**MATERIAL PROVIDED:**
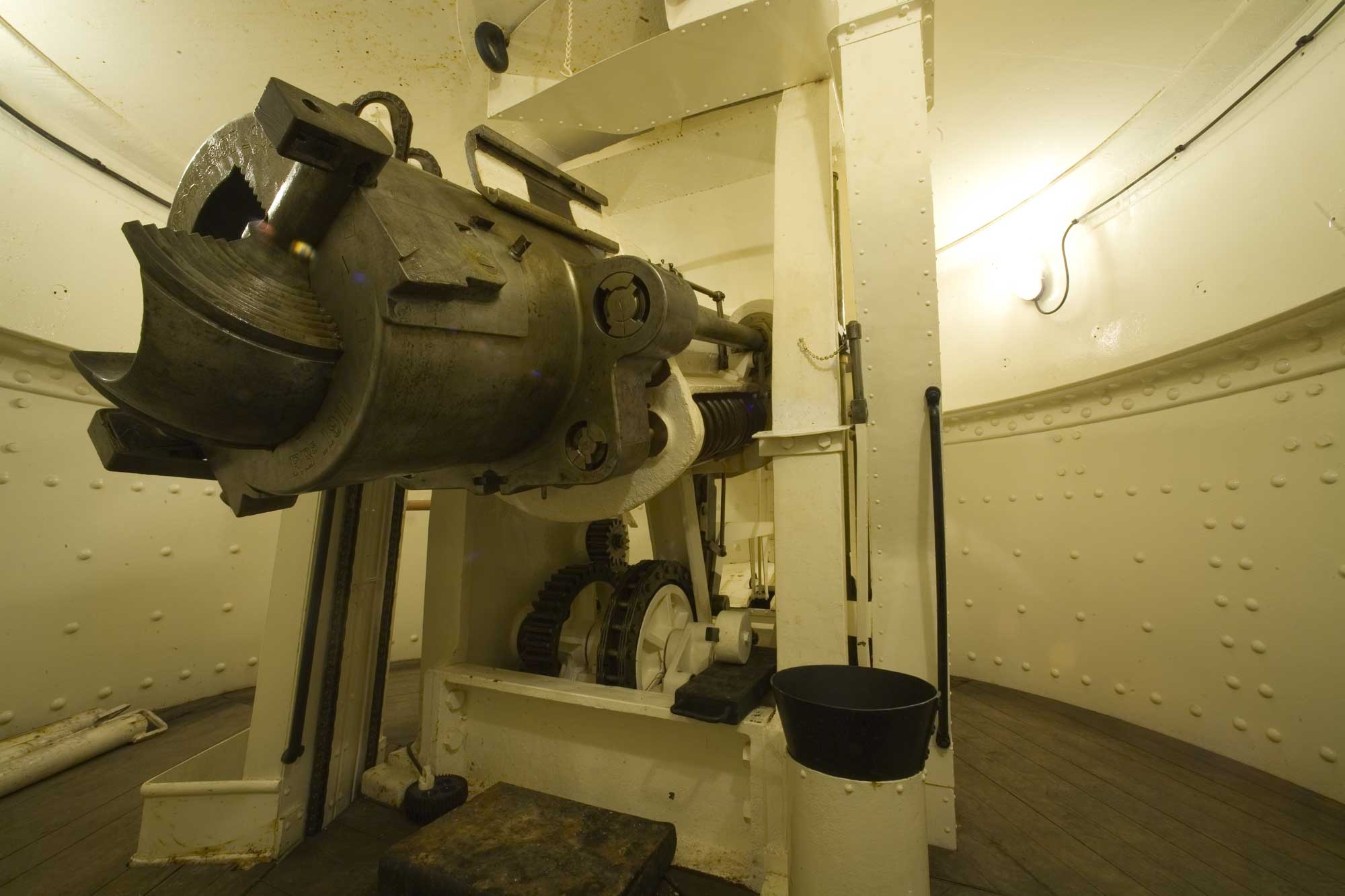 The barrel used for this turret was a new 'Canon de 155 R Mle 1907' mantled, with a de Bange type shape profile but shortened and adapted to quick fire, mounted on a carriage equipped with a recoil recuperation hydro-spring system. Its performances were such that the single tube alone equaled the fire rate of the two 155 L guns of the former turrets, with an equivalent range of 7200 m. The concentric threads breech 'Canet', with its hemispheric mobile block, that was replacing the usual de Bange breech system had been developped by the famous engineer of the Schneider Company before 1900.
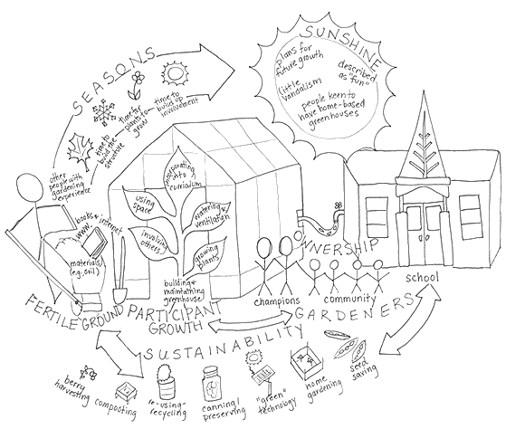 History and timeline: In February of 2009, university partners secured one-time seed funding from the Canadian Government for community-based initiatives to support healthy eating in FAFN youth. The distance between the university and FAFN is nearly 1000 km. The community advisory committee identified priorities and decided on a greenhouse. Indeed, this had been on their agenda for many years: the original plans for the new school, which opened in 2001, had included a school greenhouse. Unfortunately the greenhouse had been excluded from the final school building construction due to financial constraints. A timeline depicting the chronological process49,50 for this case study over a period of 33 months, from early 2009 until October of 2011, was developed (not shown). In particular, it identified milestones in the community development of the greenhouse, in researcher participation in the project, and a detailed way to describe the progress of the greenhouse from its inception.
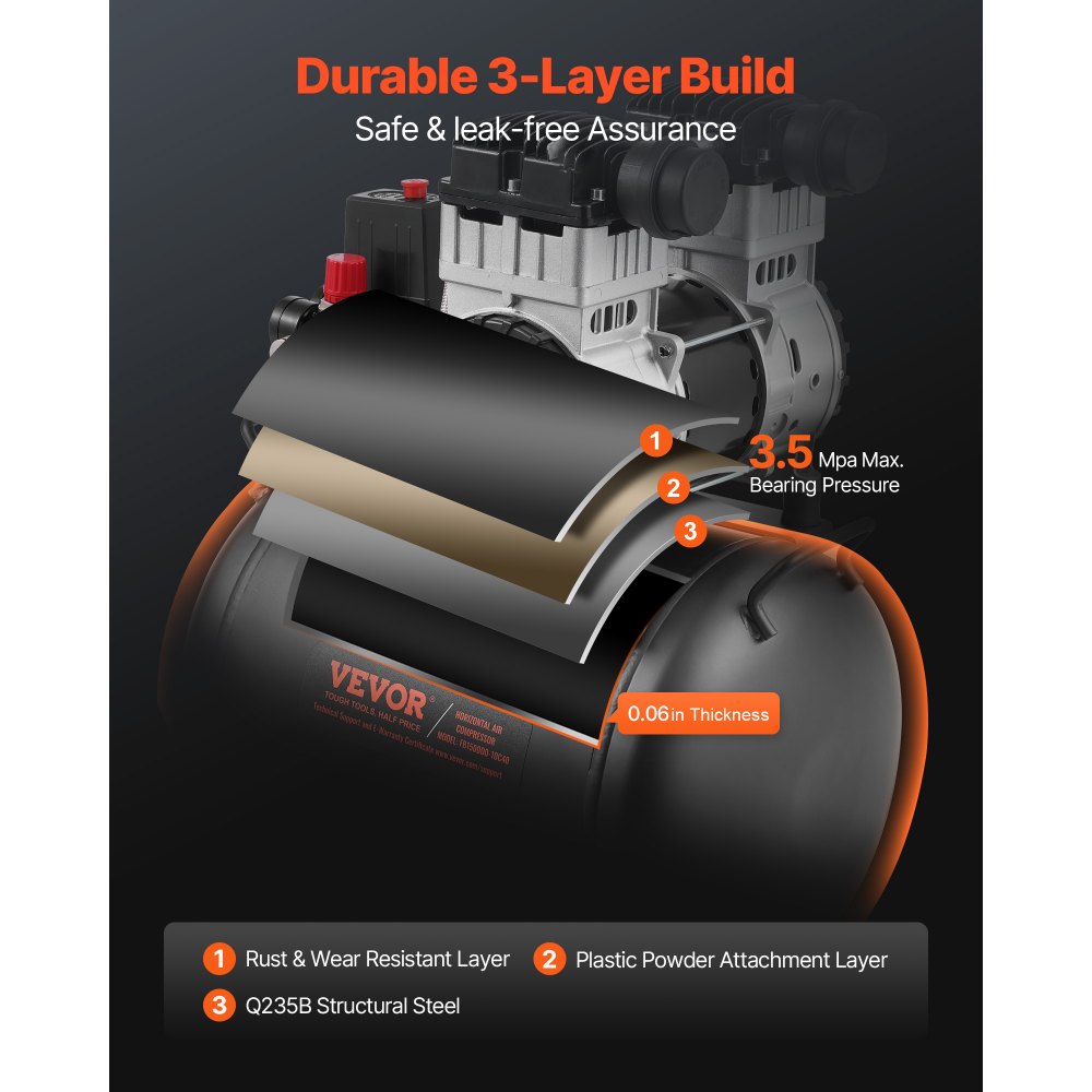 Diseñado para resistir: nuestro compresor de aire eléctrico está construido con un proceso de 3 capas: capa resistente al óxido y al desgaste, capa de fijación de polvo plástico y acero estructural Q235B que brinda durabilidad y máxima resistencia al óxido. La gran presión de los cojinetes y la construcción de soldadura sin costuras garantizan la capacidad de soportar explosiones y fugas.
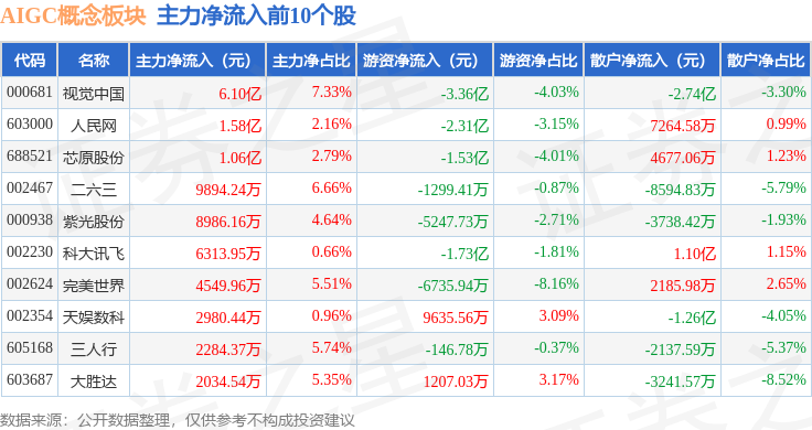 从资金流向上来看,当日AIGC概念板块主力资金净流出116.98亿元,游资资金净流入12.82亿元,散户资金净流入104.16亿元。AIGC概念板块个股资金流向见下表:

**WORK TASK:** Your copy should hold exactly the lines from the line containing "History and timeline: In" through the last line of the listing above, both included, and no pictures.

**EXERCISE RESULT:**
 History and timeline: In February of 2009, university partners secured one-time seed funding from the Canadian Government for community-based initiatives to support healthy eating in FAFN youth. The distance between the university and FAFN is nearly 1000 km. The community advisory committee identified priorities and decided on a greenhouse. Indeed, this had been on their agenda for many years: the original plans for the new school, which opened in 2001, had included a school greenhouse. Unfortunately the greenhouse had been excluded from the final school building construction due to financial constraints. A timeline depicting the chronological process49,50 for this case study over a period of 33 months, from early 2009 until October of 2011, was developed (not shown). In particular, it identified milestones in the community development of the greenhouse, in researcher participation in the project, and a detailed way to describe the progress of the greenhouse from its inception.
 Diseñado para resistir: nuestro compresor de aire eléctrico está construido con un proceso de 3 capas: capa resistente al óxido y al desgaste, capa de fijación de polvo plástico y acero estructural Q235B que brinda durabilidad y máxima resistencia al óxido. La gran presión de los cojinetes y la construcción de soldadura sin costuras garantizan la capacidad de soportar explosiones y fugas.
 从资金流向上来看,当日AIGC概念板块主力资金净流出116.98亿元,游资资金净流入12.82亿元,散户资金净流入104.16亿元。AIGC概念板块个股资金流向见下表:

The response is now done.